Я предъявил удостоверение.
— Вот, очень кстати, — сказал высокий. — Инспектор из Столицы. По вопросам культуры.
— От сенатора Голха? — растерянно спросил толстяк.
— Не только. Возникла необходимость общей инспекции, — туманно ответил я.
— Боже мой, это же нелепо! — Толстяк всплеснул руками. — Какой инспектор? Зачем нам инспектор? Я вчера говорил… Он ни словом не обмолвился об инспекторе.
— Герберт, — предостерегающе сказал высокий. — Инспектор разберется сам. — Повернулся ко мне: — Разрешите представиться, директор Дома, Бенедикт. Вежливой улыбкой поднял верхнюю губу, показал крепкие зубы. — Наш финансовый бог-советник Фольцев.
— Очень, очень приятно, — сказал советник. По лицу его было видно, что он испытывает совсем другие чувства.

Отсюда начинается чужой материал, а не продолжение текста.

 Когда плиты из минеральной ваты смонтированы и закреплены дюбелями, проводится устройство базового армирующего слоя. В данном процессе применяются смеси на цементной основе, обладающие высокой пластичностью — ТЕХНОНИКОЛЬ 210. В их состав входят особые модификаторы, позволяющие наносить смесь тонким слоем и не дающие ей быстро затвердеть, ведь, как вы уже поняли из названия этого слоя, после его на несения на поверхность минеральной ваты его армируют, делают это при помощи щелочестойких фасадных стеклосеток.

— Как здоровье сенатора? — заботливо спросил директор.
— Неплохо, — отрезал я.
— Как же так… — растерянно начал советник.
Директор его перебил:
— Прошу вас. — Указал на дверь, распорядился: — Герберт, пришли Элгу.

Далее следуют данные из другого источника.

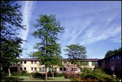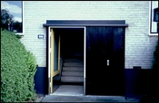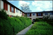 Alle detaljer i bebyggelsen er forbilledligt gennemarbejdede og udformet med henblik på langtidsholdbarhed. Bemærk inddækningen af det brede opgangsparti og det sortbejdsede dørparti.

В кабинете он усадил меня за обширный стол-календарь, испещренный множеством пометок.
— Итак, господин Павел?
— Может быть, без господина? — предложил я.

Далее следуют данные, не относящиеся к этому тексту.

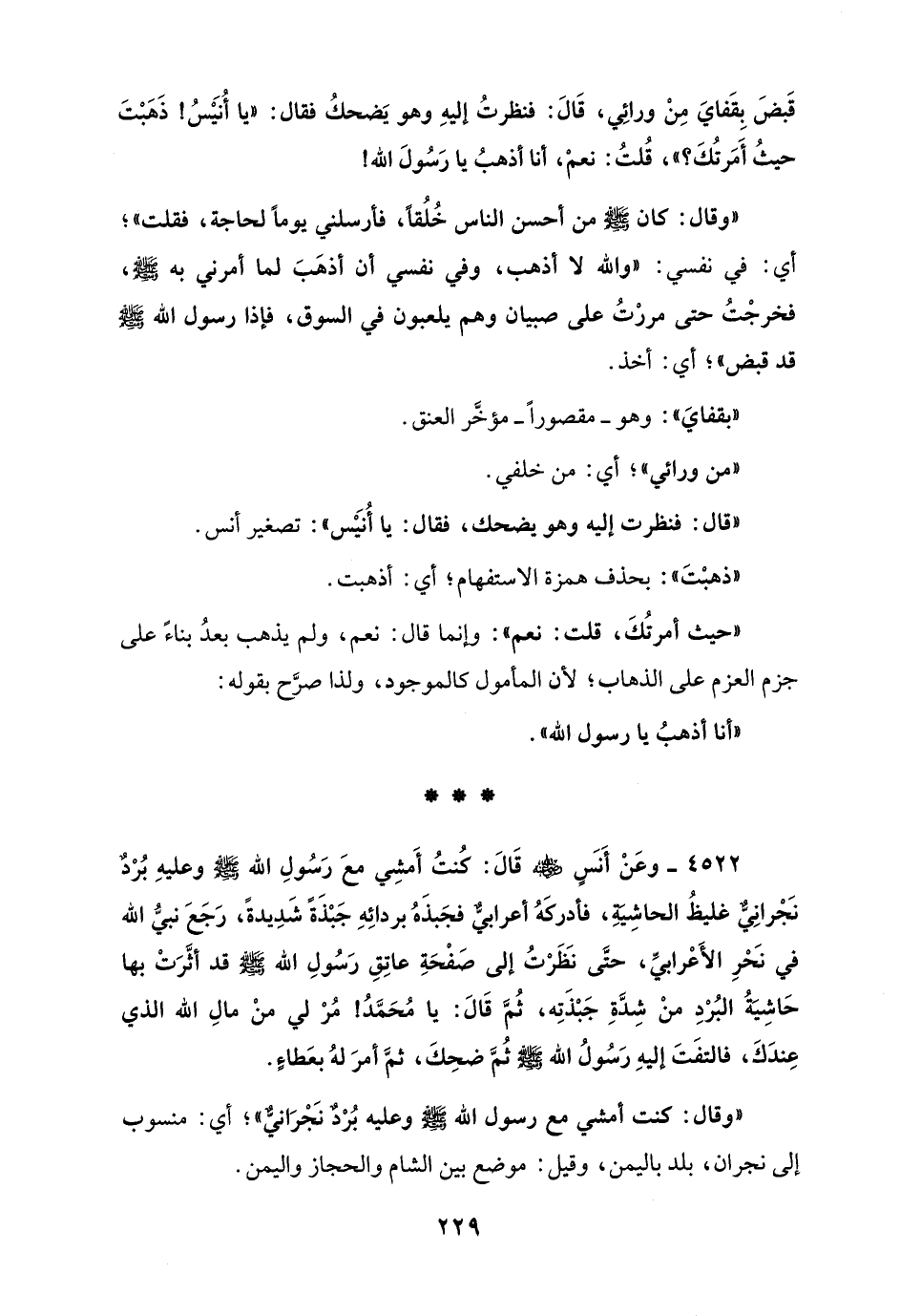 4522 - وعَنْ أَنسٍ - رضي الله عنه - قَالَ: كُنتُ أَمشِي معَ رَسُولِ الله - صلى الله عليه وسلم - وعليهِ بُرْدٌ نَجْرانِيٌّ غليظُ الحاشِيَةِ، فأدركَهُ أعرابيٌّ فجَبذَهُ بردائِهِ جَبْذَةً شَدِيدةً، رَجَعَ نبيُّ الله في نَحْرِ الأَعْرابيِّ، حتَّى نَظَرْتُ إلى صَفْحَةِ عاتِقِ رَسُولِ الله - صلى الله عليه وسلم - قد أثَّرَتْ بها حَاشِيَةُ البُرْدِ منْ شِدَّةِ جَبْذَتِه، ثُمَّ قَالَ: يا مُحَمَّدُ! مُرْ لي منْ مالِ الله الذي عِندَكَ، فالتفَتَ إليهِ رَسُولُ الله - صلى الله عليه وسلم - ثُمَّ ضحِكَ، ثمَّ أمرَ لهُ بعَطاءٍ.

— Отлично, — сказал директор. — Я для вас просто Бенедикт.
— Меня интересует ваш Дом, — сказал я. — Хочется познакомиться поближе. Гремите.
— Да. Дом у нас замечательный, — сказал директор. — Уникальный Дом. К нам приезжают специально из других стран, чтобы принять участие в Спектакле. Знаете, в Италии есть фонтан Грез: если бросишь туда монетку, то обязательно вернешься. Так к у нас. Кто хоть один раз участвовал в Спектакле, тот обязательно приезжает еще.
Директор все время улыбался, а глаза его оставались холодными. Мне это не нравилось. Он вполне мог оказаться фантомом. Впрочем, торопиться не следовало.
Фантомом мог оказаться кто угодно. Даже я сам.
— Разумеется, это далось не сразу, — сказал директор. — Кропотливая работа. Пристальное изучение вкусов молодежи. Ее духовного мира. Вы знаете, у молодежи есть свой духовный мир! Что бы там ни писали каши социологи!
Мне очень хотелось прочитать записи на столе. Такие торопливые пометки — для себя — могут сказать многое. Но директор как бы невзначай нажал кнопку, и поверхность очистилась.
— Чрезвычайно интересно, — сказал я.
— Мы ведь не просто копируем историю, — еще доброжелательней сказал директор. — Мы воссоздаем ее заново. Разумеется, в чем-то отступая от действительности, но в рамках. Иного я бы и не допустил. — Он поднял широкие ладони. — Какой смысл рассказывать! Сегодня у нас сдача нового Спектакля. Надеюсь, вечер у вас свободен?
— В какой-то мере, — сказал я, не желая себя связывать.
— Обязательно приходите! — с энтузиазмом воскликнул директор. — Мы делаем восемнадцатый век. Морское пиратство. Я распоряжусь, чтобы вам оставили марку.
В это время в кабинет вошла светловолосая женщина, очень симпатичная.
Директор обрадовался:
— Элга! Наконец-то! Познакомьтесь. Павел — Элга. Она как раз занимается этой… культурой.
Элга обещающе улыбнулась. Ее короткая юбка едва доходила до середины бедер, декольте на блузке располагалось не сверху, а снизу, открывая живот и нижнюю часть груди.
— Элга вам все покажет, — сказал директор. — Тем более что она специалист. А меня извините, Павел, Спектакль. Ни одной свободной минуты.
— Буду рад, — ответил я, поднимаясь.
— Пойдемте, — сказала Элга и посмотрела на меня многозначительно.
Я поймал взгляд директора — тоже многозначительный, мужской. Очевидно, предполагалось, что теперь новый инспектор поражен в самое сердце. Они не знали, что я год работал в Скандинавии среди «вольных фермеров» и видел не такое.
В коридоре топтался мрачный парень в синем халате. Увидев директора, он произнес инфракрасным голосом:
— Бенедикт…
— Я уже все сказал, — недовольно ответил директор.
Парень посмотрел на Элгу, потом с откровенной ненавистью на меня и высказал свою точку зрения:
— Ладно. Монтировать камеру — Краб. Записывать фон — Краб. Ладно. Вы Краба не знаете. Ладно. Вы Краба узнаете.
— Я занят, — сдерживаясь, сказал директор.
Парень напирал грудью.
Я хотел послушать этот захватывающий диалог, но Элга увлекла меня вперед. Мы прошли мимо бородатых ребят, занимающихся лепкой. Один из них коротко свистнул и сказал довольно явственно:
— Элга опять повела барана.
Бараном был, конечно, я. Я спросил:
— Кто это?
— А… художники. Хулиганят — непризнанные гении. — Элга фыркнула. У нее это получилось на редкость привлекательно.